The Barinaga family has been sheep-ranching in America for more than a century. My grandfather, Valentin Barinagarrementeria, travelled from the Basque village of Markina to Mountain Home, Idaho, in the early 1900s to make his life as a sheep-herder on a ranch in southern Idaho. He was a diligent worker and soon became a partner in the ranch, and eventually owner, with my grandmother Eulalia. Theirs was a typical American sheep ranch, and their products were lamb and wool.

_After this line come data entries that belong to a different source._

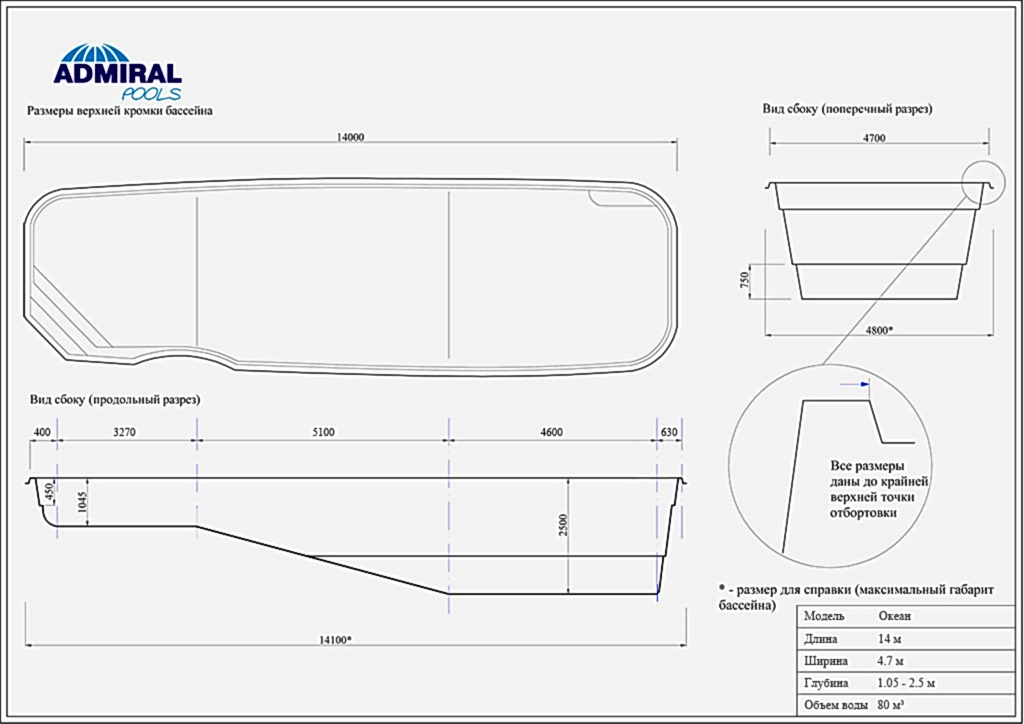 «Океан» топовая модель в линейке бассейнов «Admiral Titanium». За счет своей ширины (4,7 метров) относится к классу «Элит». Имеет комфортную Pin Up форму силуэта чаши. Оснащен римской лестницей для обеспечения удобного входа в воду, которая представляет собой плавно нисходящие в глубину ступени, расположенные в боковой части бассейна в мелководной зоне.
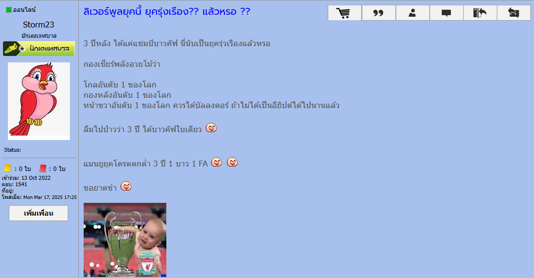 แต่พอของทีมตัวเองนี่ อวดถ้วยน้ำพริกกะถ้วยน้ำจิ้มซะงั้น 3ปี ได้น้ำจิ้ม1 ได้น้ำพริก1 เลยนะจรั๊ฟพรี่ๆ
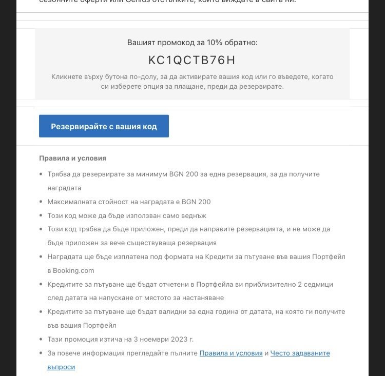 Здравейте! Някой има ли свободен код за букинг и, ако може на лично съобщение? Ще съм благодарна. Simple Smile
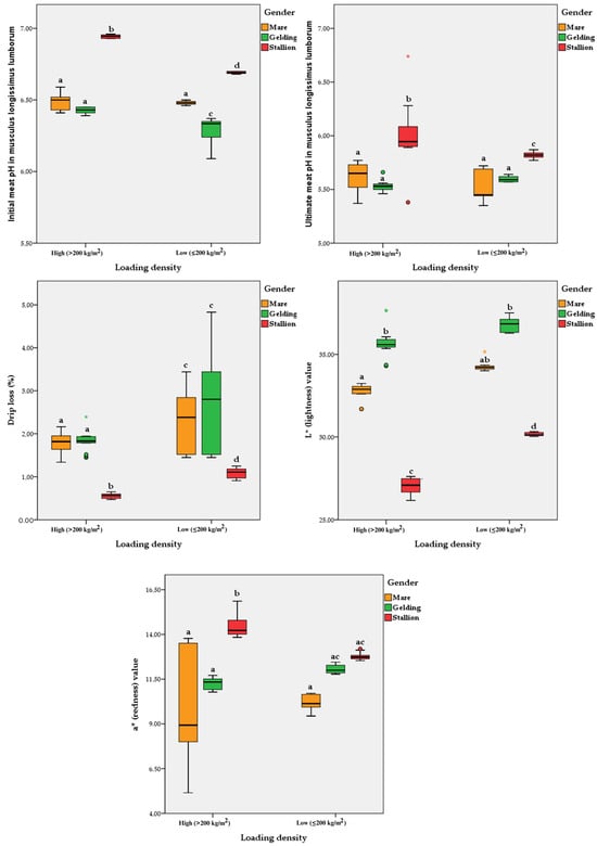 4.2. The Effects of Loading Density and Gender on the Horsemeat Quality Characteristics
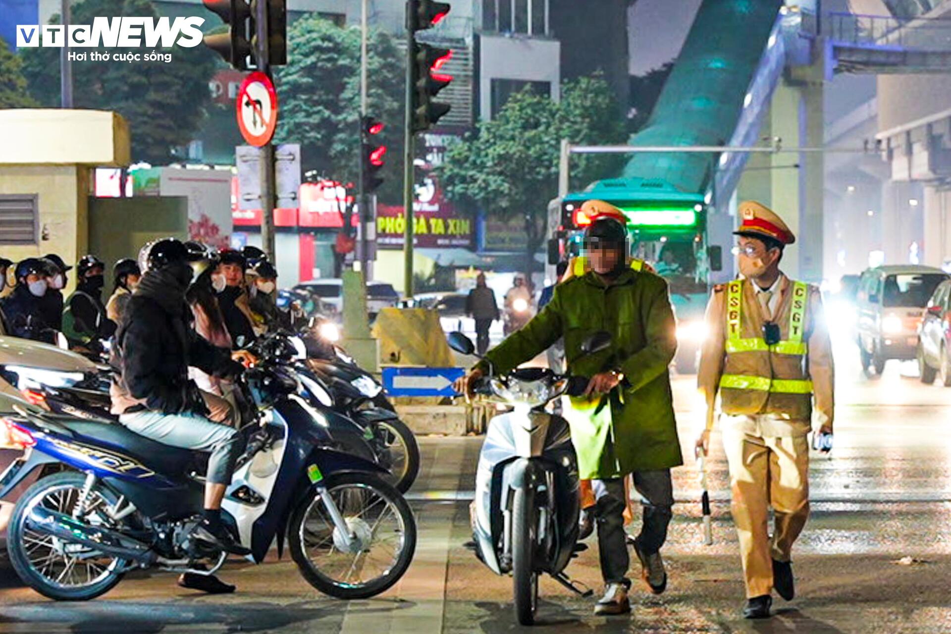 Tối 3/2, tại nút giao Khuất Duy Tiến - Nguyễn Trãi, một trong những điểm có mật độ phương tiện lớn của Thủ đô, dòng xe lưu thông đông đúc trong khung giờ cao điểm. Đội CSGT số 7 (Công an TP Hà Nội) tổ chức chốt kiểm tra nồng độ cồn, tập trung vào thời điểm đèn tín hiệu chuyển đỏ để bảo đảm an toàn, không gây xáo trộn giao thông.
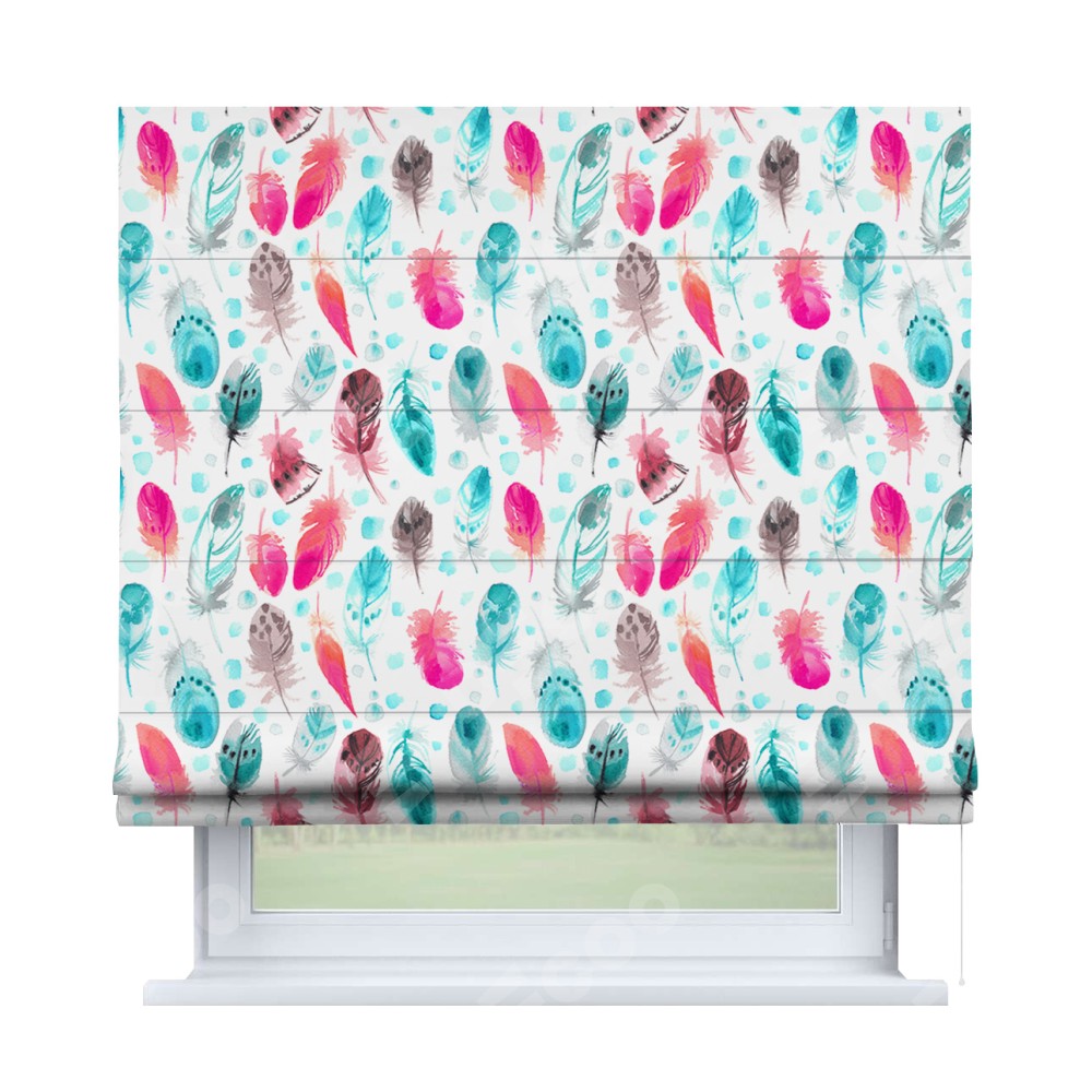 Римская штора производителя «Cortin», используется для проёма, пошита из ткани блэкаут с нанесением сублимационной печати «Перья». Имеет универсальный механизм и подходит для монтажа: на потолок, на стену и в нишу.

Their 5,000 ewes lambed on the high, snowy desert of southern Idaho in February, and the ewes with their lambs, accompanied by sheepherders, grazed in spring and summer pastures in the mountains and valleys of what is now the Jarbidge Wilderness Area in northern Nevada. My grandparents never dreamed of milking their ewes, as there was no tradition of sheep dairying in this country, and range-sheep operations like theirs did not lend themselves to dairying.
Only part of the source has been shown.